The April 2020 issue of the IMF’s Fiscal Monitor discusses policies to support individuals and businesses through the coronavirus crisis and the resulting economic problems.

The Fiscal Monitor looks at certain temporary and targeted fiscal measures to help individuals and firms in the crisis. The loss of income from lockdowns, quarantines and unemployment will reduce the income of households and firms and also reduce investment by firms. Employees in sectors such as travel, tourism and hospitality services will be particularly affected. Countries or regions that rely on oil revenue, tourism or exports of goods or services will be vulnerable in the crisis.

Emergency measures taken by countries include wage subsidies and transfers; paid sick leave; cash transfers to low income households and temporary increases in unemployment benefits. Governments can also help by expanding tax loss carry-back rules or providing temporary tax relief for the individuals and businesses most affected. Other possible measures include postponing social security contributions and reducing advance tax payments that are based on profits of past periods. To support demand during the crisis governments can introduce special investment allowances for projects taking place in a specified time period, for example projects to provide certain medical equipment; or temporary VAT reductions could be considered.

Government support for liquidity is also important, such as cash flow support through loans and umbrella guarantees. Support in the form of government provision of loans, equity injections and guarantees on business loans is estimated to have reached USD 4.5 trillion globally. These loans and guarantees are similar to measures that were used during the financial crisis.
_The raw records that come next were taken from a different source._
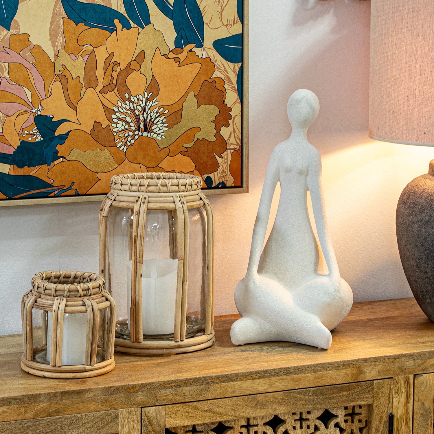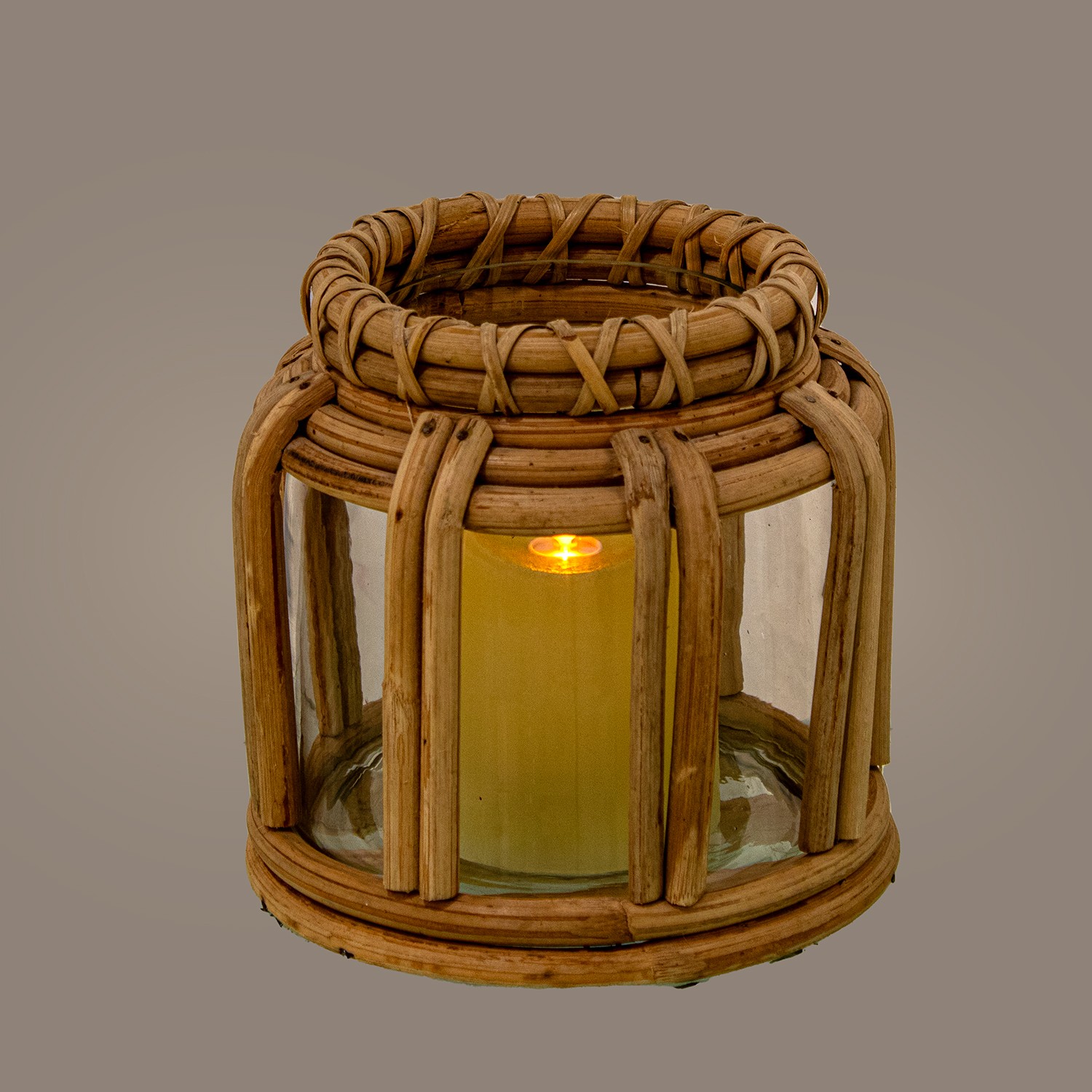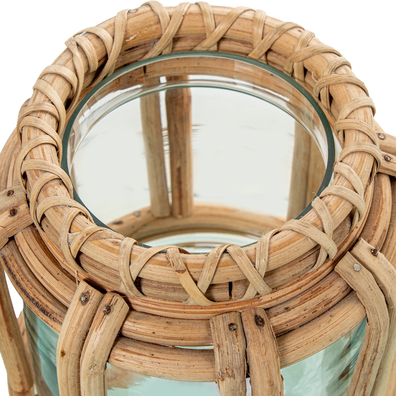 Portacandele In Vetro Con Vimini Ø22x31cm
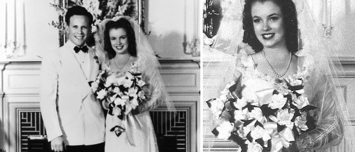 〈第七套〉你甚至可能不会认识这个新娘在她的第一次婚礼时的礼服。玛丽莲•梦露在1942年嫁给吉姆•多尔蒂时还是黑发(在她嫁给了迪马乔和阿瑟•米勒之前)。
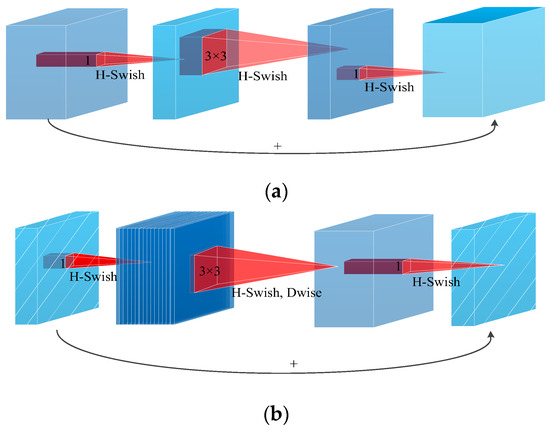 The MobileNetV3 feature extraction network adopts a 3 × 3 standard convolution and multiple inverted residual structures, which not only can reduce network parameters but also extract rich feature information. Among them, Figure 7a is the ResNet residual and Figure 7b is the reverse residual.
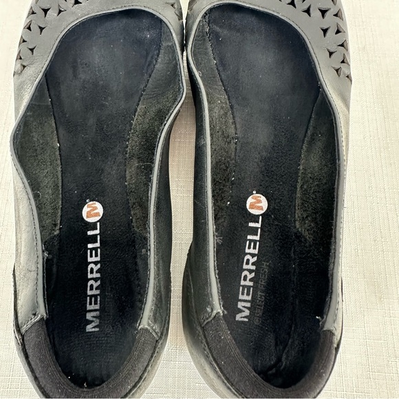 Merrell Women's Size 7.5 Mimix Haze Black Leather Cut Out Slip On Ballet Flats in good preowned condition. Normal wear to body and some wear to footbed.
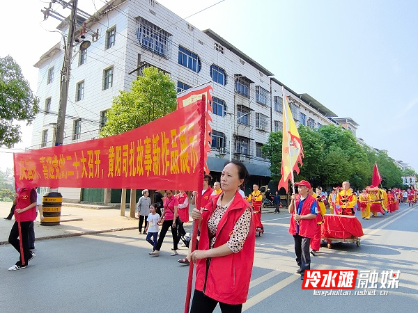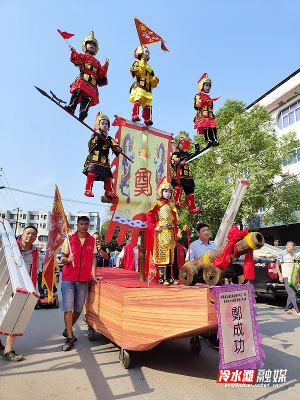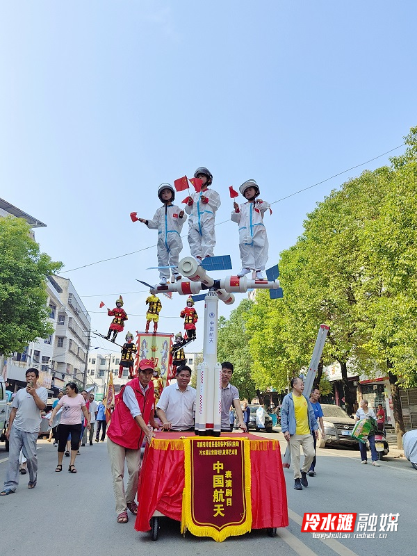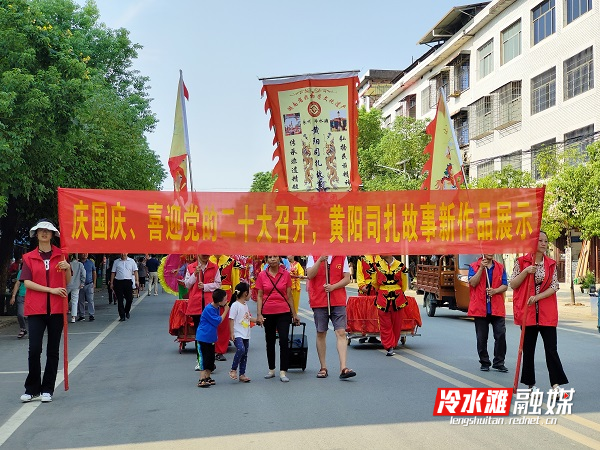 冷水滩融媒9月30日讯(记者 李秋燕 屈文利 通讯员 周丽君)9月30日上午,在冷水滩区黄阳司镇,一场“非遗盛宴”——“黄阳司扎故事”新作品演出活动在沿镇主街精彩呈现。演员们身着特定服装、道具和摆设高低不一的造型,沿镇主街展现新时代作品,剧目设计与时俱进,古老的非遗工艺融合现代技术,吸引了大批百姓追随观看并拍照留念。
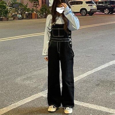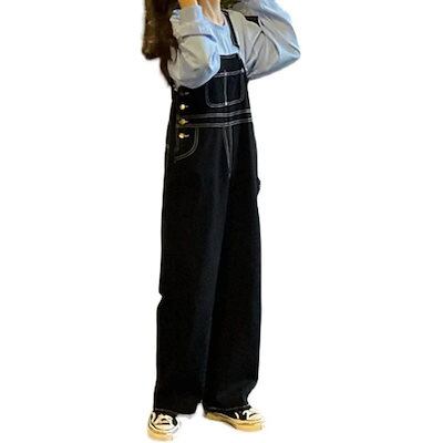 サロペット 新しいファッション ジーンズ 学生 オーバーオール レディー ゆるい ハイウエストストレートワイドレッグ
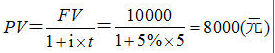 问题 某人希望在5年后取得本利和1万元,用于支付一笔款项。若按单利计算,利率为5%。那么,他现在应存入( )元。
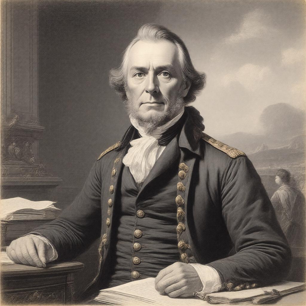 Create a realistic portrait of Winthrop Sargent, a 18th-century American politician, soldier, and writer, dressed in formal attire befitting his rank as Major in the Continental Army and Governor of the Mississippi Territory, set against a backdrop that subtly suggests his roles, such as a desk with papers, a military uniform, or a view of a 18th-century American landscape, in a neoclassical style that reflects the era's influence on American art and architecture.
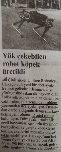 Çinli şirket Unitree Robotics, Laikago adlı yük çekebilen bir robot köpek üretir. “Düz zeminde” problem yaşamadan ilerleyen, 12 adet motoru olan ve gerçek köpeklerin tüm hareketlerini mekanik olarak “taklit” edebilen bu köpeğin fiyatı 25 bin dolardır. Daha sonra robot geliştirilir. (TRT Haber, 05.02.2022) Üzerindeki kamera sistemleriyle uzaktan görüş ve kontrol imkanı sağlanır. İki saatlik pil ömrü olan ve uzaktan kumanda ile kontrol edilebilen bu robot ile ilgili haber bizi her gün sokaklarda gördüğümüz bu canlıların aslında ne kadar mükemmel bir teknoloji ile ‘yaratıldığını’ anlamamıza da vesile olmakta değil midir?
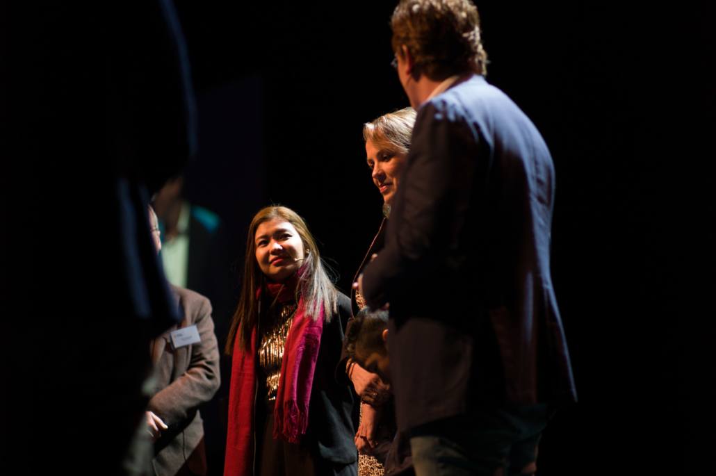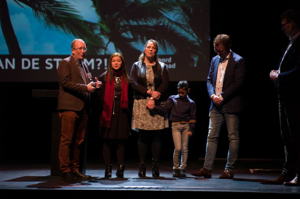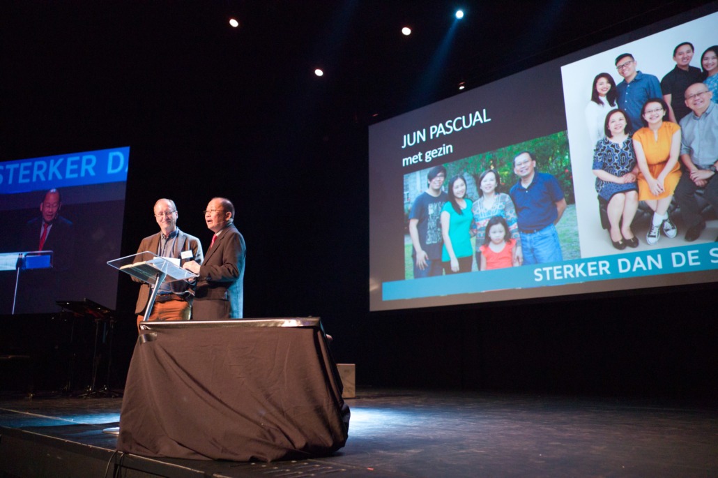 Een ander verhaal vol stormen, werd verteld door Kate Ann Micosa, voormalig sponsorkind en student aan ASHTEC. Kate vertelde dat toen ze jong was, het leven niet makkelijk was. ‘Ik herinner me nog de dagen dat we een maaltijd moesten overslaan, omdat mijn vader die dag niet genoeg verdiend had.’ Haar leven veranderde toen haar ouders werden benaderd door de partner van Woord en Daad, AMG Filipijnen, om Kate en haar broer op te nemen in het sponsorprogramma. De mooiste en belangrijkste verandering was dat Kate in dit programma God leerde kennen en tot geloof kwam. ‘Beseffen jullie je dat, alle sponsors die hier zitten? God wil jullie gebruiken om ons kennis te laten maken met de gave van het eeuwige leven! Dat is het beste wat jullie ooit voor ons kunnen doen’. Na dit prachtige verhaal kwamen Kate’s sponsors op het podium. Erik en Jenneke Donkersteeg deelden hoe bijzonder ze het vinden om Kate nu in het echt te ontmoeten. ‘Wat ooit begon als een fotootje op een wegwijsbeurs, staat nu in levende lijve naast ons.’ Kate kreeg tranen in haar ogen toen ze deelde dat het een droom is die uitkomt, om naast haar sponsors te staan. ‘En ze eindelijk persoonlijk te bedanken voor wat ze voor mij hebben betekent.’
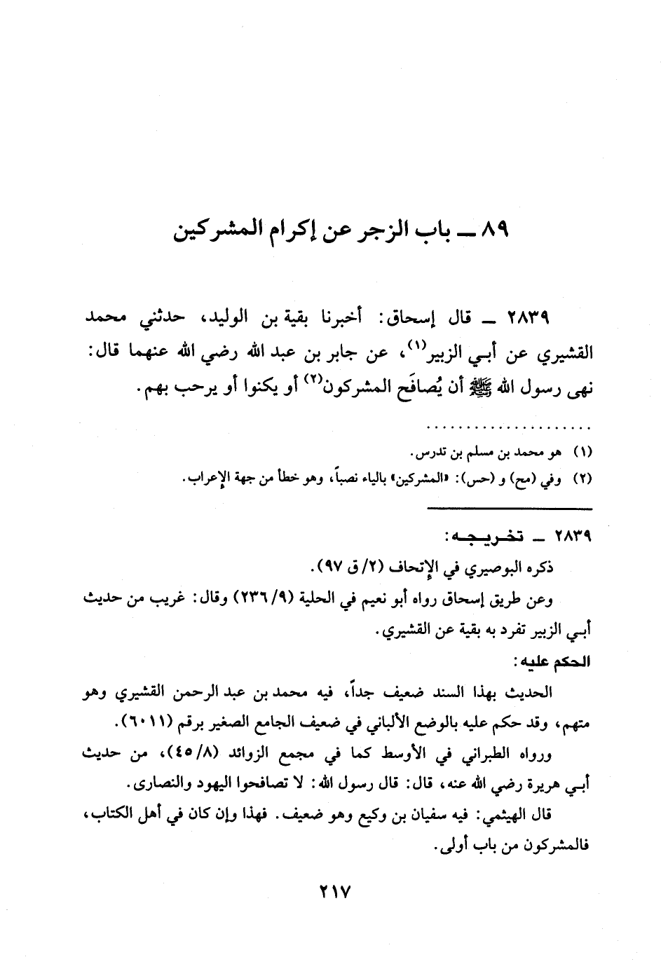 2839 - قَالَ إِسْحَاقُ: أَخْبَرَنَا بَقِيَّةُ بْنُ الْوَلِيدِ، حَدَّثَنِي مُحَمَّدٌ الْقُشَيْرِيُّ عَنْ أَبِي الزُّبَيْرِ، عَنْ جَابِرِ بْنِ عبد الله رَضِيَ الله عَنْهما قَالَ: §نَهَى رَسُولُ اللَّهِ صَلَّى اللَّهُ عَلَيْهِ وَسَلَّمَ أَنْ يُصَافَحَ المشركون أو يكنوا أَوْ يُرَحَّبَ بِهِمْ.

The IMF Fiscal Monitor emphasises that fiscal measures should be targeted, temporary and progressive, targeted to households for basic needs and to viable businesses to prevent layoffs and exits from supply chains. The measures should be progressive in nature, for example by providing a ceiling on wage subsidies, to ensure that the emphasis is on low income households.

Tax and spending measures must be cost-effective and favour measures linked to employment or improving the tax and benefit systems, such as faster VAT refunds or the use of mobile payments. Measures need to build on existing programs and infrastructure so support can be provided quickly. Additional support can be channelled through the social safety net programs and unemployment benefits can be enhanced by extending their duration, raising the levels of benefit or relaxing the eligibility for benefits.

To address liquidity problems within a short time period a reduction in taxes paid monthly or quarterly is preferable to reducing taxes paid after the end of the fiscal year. Targeted tax incentives can be used to encourage investment in essential goods or services including medical supplies. For example, accelerated depreciation or super-deductions could be available for investment in certain areas. Profit-based incentives are not desirable because they are not linked to the necessary expenditure and reward companies with the highest profits. Targeting can be improved by introducing tax advantages in the worst hit sectors; to firms that experience a decline in sales; or in relation to critical products. In relation to tax administration, eligibility for deferral of tax payments could be linked to the taxpayer’s compliance record and denied to those with high risk of non-compliance.

The weakening in demand now being seen in economies globally would normally require broad-based fiscal support such as general tax cuts and public investments. This is however not currently appropriate because the localised outbreaks and national lockdowns are causing disruption to production processes and supply chains that would not be overcome by fiscal stimulation. The higher healthcare spending and targeted tax and spending measures already represent in themselves sizeable support for the economy. A general fiscal stimulus would be more appropriate after the health crisis becomes less acute. After the health crisis broader country-level policies will therefore be required to ensure sustained economic recovery.